*DIRECTIONS FOR THIS TASK*
In the entries below, find the line with "Lace Up Shoes" and the line with "Страна: Италия Производитель: Pelletteria". Reproduce those two lines and every line between them exactly, and nothing more.

*PROVIDED ENTRIES*
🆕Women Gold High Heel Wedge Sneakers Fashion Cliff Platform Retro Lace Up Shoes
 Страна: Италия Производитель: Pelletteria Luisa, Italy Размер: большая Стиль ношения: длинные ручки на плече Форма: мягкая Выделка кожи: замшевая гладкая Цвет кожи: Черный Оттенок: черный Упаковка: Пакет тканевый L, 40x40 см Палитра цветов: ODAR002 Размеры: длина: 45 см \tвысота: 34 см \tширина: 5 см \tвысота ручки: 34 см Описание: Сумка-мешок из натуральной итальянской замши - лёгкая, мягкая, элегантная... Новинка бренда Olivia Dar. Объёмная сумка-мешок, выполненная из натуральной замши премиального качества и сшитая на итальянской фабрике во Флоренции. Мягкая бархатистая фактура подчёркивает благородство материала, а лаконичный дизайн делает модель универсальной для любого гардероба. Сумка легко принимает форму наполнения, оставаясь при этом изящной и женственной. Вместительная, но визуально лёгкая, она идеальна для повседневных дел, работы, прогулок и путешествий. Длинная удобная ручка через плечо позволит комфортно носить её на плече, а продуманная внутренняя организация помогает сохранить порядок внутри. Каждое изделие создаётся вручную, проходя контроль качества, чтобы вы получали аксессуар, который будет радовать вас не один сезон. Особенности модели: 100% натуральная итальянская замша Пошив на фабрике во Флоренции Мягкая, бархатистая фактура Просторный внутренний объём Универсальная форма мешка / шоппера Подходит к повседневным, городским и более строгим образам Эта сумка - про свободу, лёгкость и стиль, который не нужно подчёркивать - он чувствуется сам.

* * *

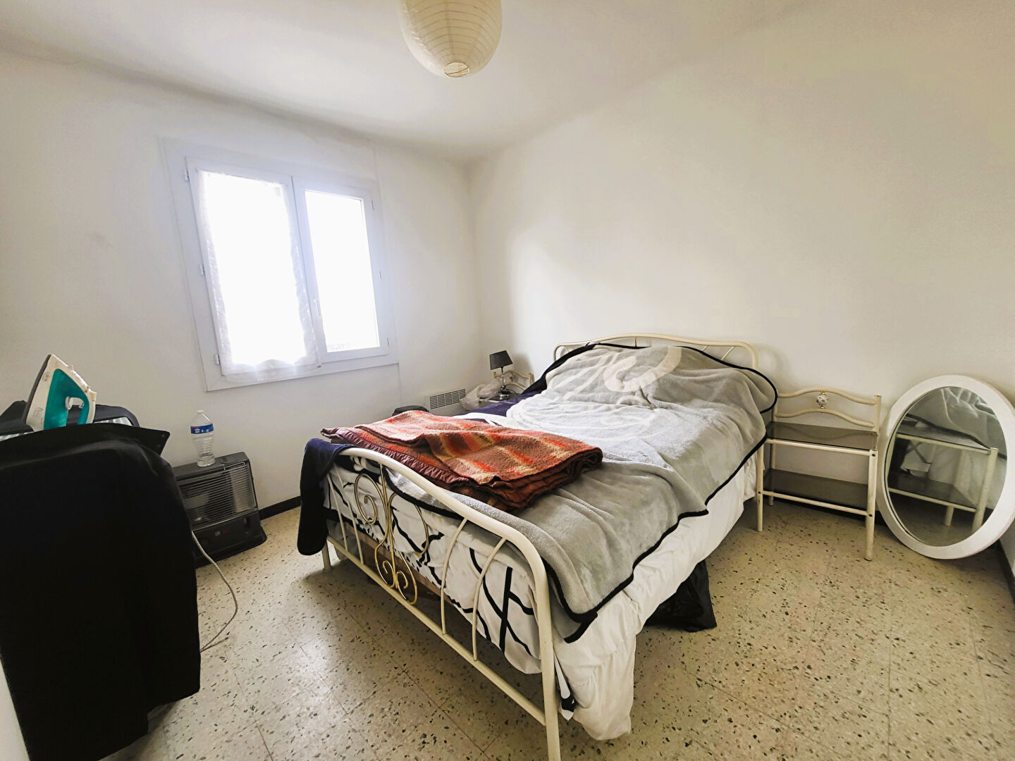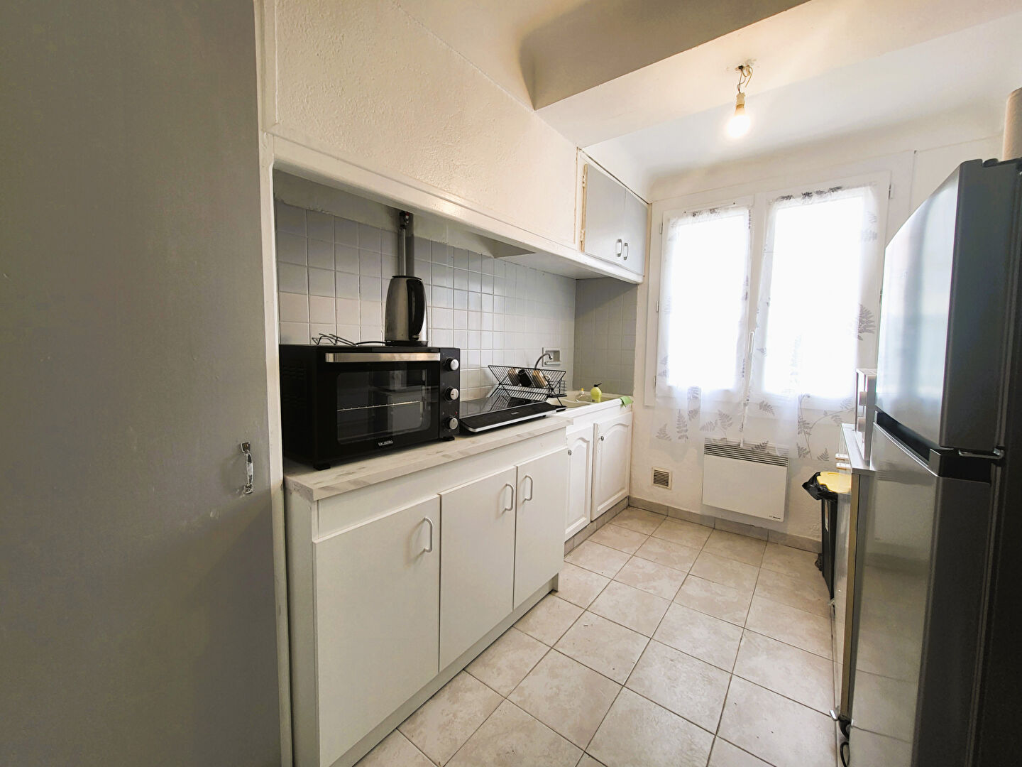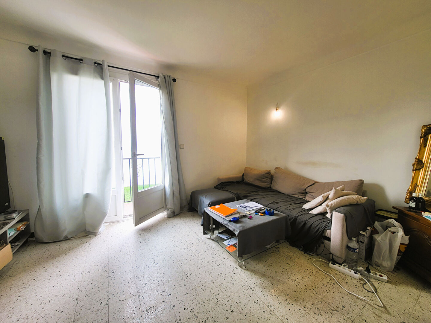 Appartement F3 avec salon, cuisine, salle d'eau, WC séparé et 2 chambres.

*THE ANSWER*
🆕Women Gold High Heel Wedge Sneakers Fashion Cliff Platform Retro Lace Up Shoes
 Страна: Италия Производитель: Pelletteria Luisa, Italy Размер: большая Стиль ношения: длинные ручки на плече Форма: мягкая Выделка кожи: замшевая гладкая Цвет кожи: Черный Оттенок: черный Упаковка: Пакет тканевый L, 40x40 см Палитра цветов: ODAR002 Размеры: длина: 45 см \tвысота: 34 см \tширина: 5 см \tвысота ручки: 34 см Описание: Сумка-мешок из натуральной итальянской замши - лёгкая, мягкая, элегантная... Новинка бренда Olivia Dar. Объёмная сумка-мешок, выполненная из натуральной замши премиального качества и сшитая на итальянской фабрике во Флоренции. Мягкая бархатистая фактура подчёркивает благородство материала, а лаконичный дизайн делает модель универсальной для любого гардероба. Сумка легко принимает форму наполнения, оставаясь при этом изящной и женственной. Вместительная, но визуально лёгкая, она идеальна для повседневных дел, работы, прогулок и путешествий. Длинная удобная ручка через плечо позволит комфортно носить её на плече, а продуманная внутренняя организация помогает сохранить порядок внутри. Каждое изделие создаётся вручную, проходя контроль качества, чтобы вы получали аксессуар, который будет радовать вас не один сезон. Особенности модели: 100% натуральная итальянская замша Пошив на фабрике во Флоренции Мягкая, бархатистая фактура Просторный внутренний объём Универсальная форма мешка / шоппера Подходит к повседневным, городским и более строгим образам Эта сумка - про свободу, лёгкость и стиль, который не нужно подчёркивать - он чувствуется сам.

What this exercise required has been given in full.